Tuesday, May 24, 2016

A GENERATION OF FREAKS AND GEEKS

I think back to the days of growing up in the "hood" when children interacted with each other.  We spent our youth by playing hide and seek, kickball, dodge ball, tag, hopscotch, jump rope, four square, and many other games like marbles, jacks, Quaker's meeting and when it rained we got on the telephone and organized a place to play board games at someone's house for the afternoon. On days when the girl's did their thing, we played with Barbie dolls while the boys did who knows what! The thought of being cooped up in the house alone only happened when we were sick or on restriction. Regardless of the weather, we wanted to be outside with each other.  When it was cold and snowing, we rode our sleds and ice skated and when it was summer we went to the public pool and found stuff to do outside in the sun. 

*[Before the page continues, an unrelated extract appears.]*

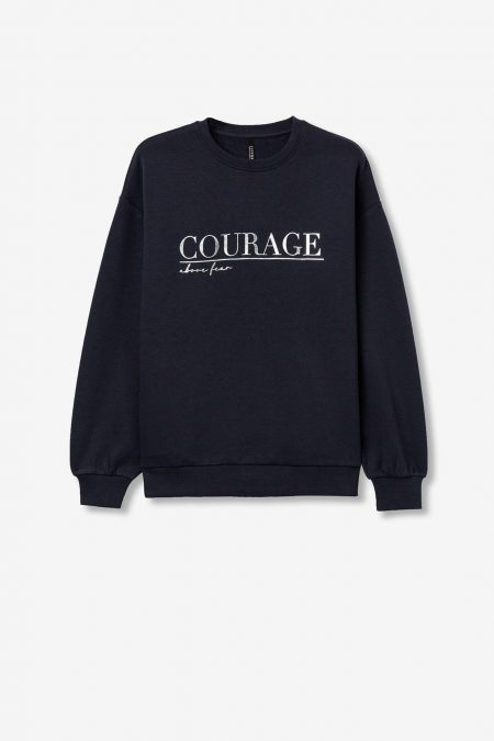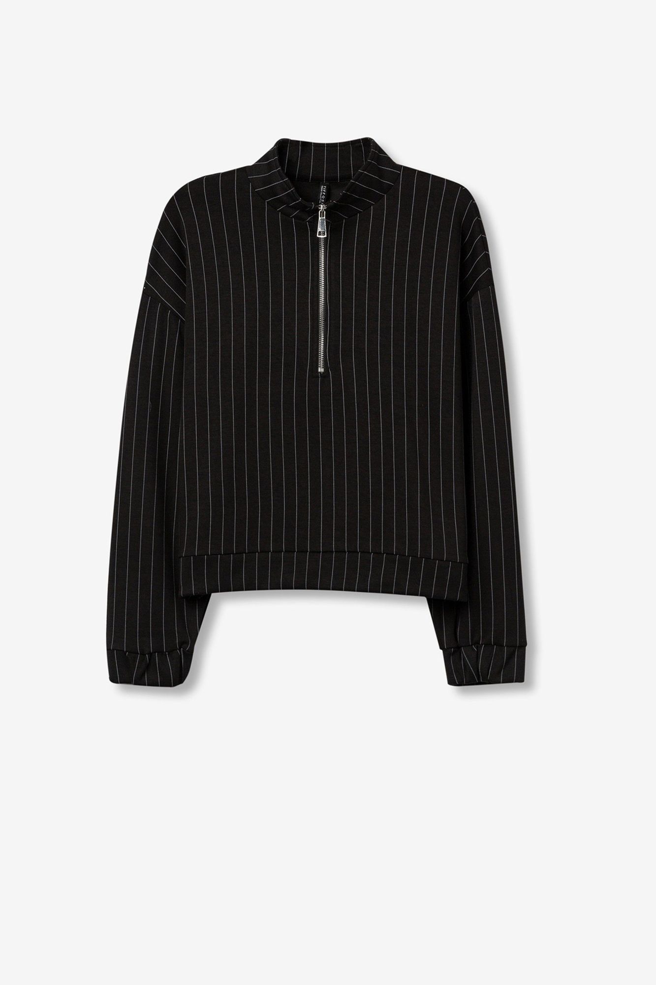 Sudadera de manga larga relaxed fit. Cuello alto con media cremallera. Puños fruncidos.

I often wonder why and when exactly those days stopped and the isolation began. Was it a gradual change or did it happen overnight? I often wonder how the decline in the sale of board games matches up to the rise in sales of electronic games. Is there a direct correlation between the two? I guess as electronics took root, children's attention and focus turned from each other and towards a world of imaginary creatures where one didn't have to go looking for an adventure because the adventure came to you at the flip of a switch. I often wonder why parents allowed electronic gadgets to become a babysitter, a friend and an entertainer. What we learned as children about teamwork, dispute resolution and organizational skills dwindled away and was replaced by the solitude a child now finds comfort in.  It seems children no longer play outside and I hear adults claim it's because it's so unsafe to be outside.  Has allowing children's lives to change so drastically created a generation of socially awkward human beings who have social anxiety issues? Have we given children an easy excuse to be clumsy, couch potatoes?
 
I won't dispute the safety factor, but I do know there is safety in numbers and being so isolated stunts a child's social development and skills. How can a child learn how to properly interact with others if doing so is never encouraged?  Has it become easier for parents to just buy the newest electronics for their children instead of insisting they spend time outside playing games with their friends or would doing that brand the child as being the neighborhood outcast? Play outside? What's that all about? Who would trust someone who plays outside and has fun doing it?  Have we raised a generation of freaks and geeks who are addicted to electronic crack?

Thursday, April 02, 2015

LET GO AND LET IT HAPPEN

Sometimes we have to let go and just let it happen in order to get past the difficult times and ultimately move to the other side where inner peace can be reached.  I know letting go is a frightening thing.  I also know how putting your life in other people's hands or trusting someone else's judgment is equally frightening.  I just spent a few days at a psychiatric facility.  I want to write about that experience and will do so as the words come to me.  I also want to write about the people who were instrumental in helping me through my crisis. 

I'd like to start with thanking an old boyfriend for reaching out to me shortly before I was admitted to Baptist Hospital's Behavioral Medicine Center.  I think it was his words that initially let me know that letting go was the right thing to do.  I had done it many years before at a time when I had retreated into a very dark place.  It was a time he had viewed firsthand. Due to the pain I had suppressed for many years as a child I finally lost my ability to function normally as a teenager.  I eventually found drugs numbed my pain and allowed me to live in a void absent of all feeling-both good and bad. Outwardly, it was a "safe" place to reside, but inwardly I was slowly headed towards total annihilation.  When I finally let go, I came close to dying, but I can honestly say that without letting go back then I would have definitely died at a very young age.  As defiant and hardheaded as I was way back then, on some level I allowed myself to trust people enough to pull me through so I could go on living and eventually learn to thrive.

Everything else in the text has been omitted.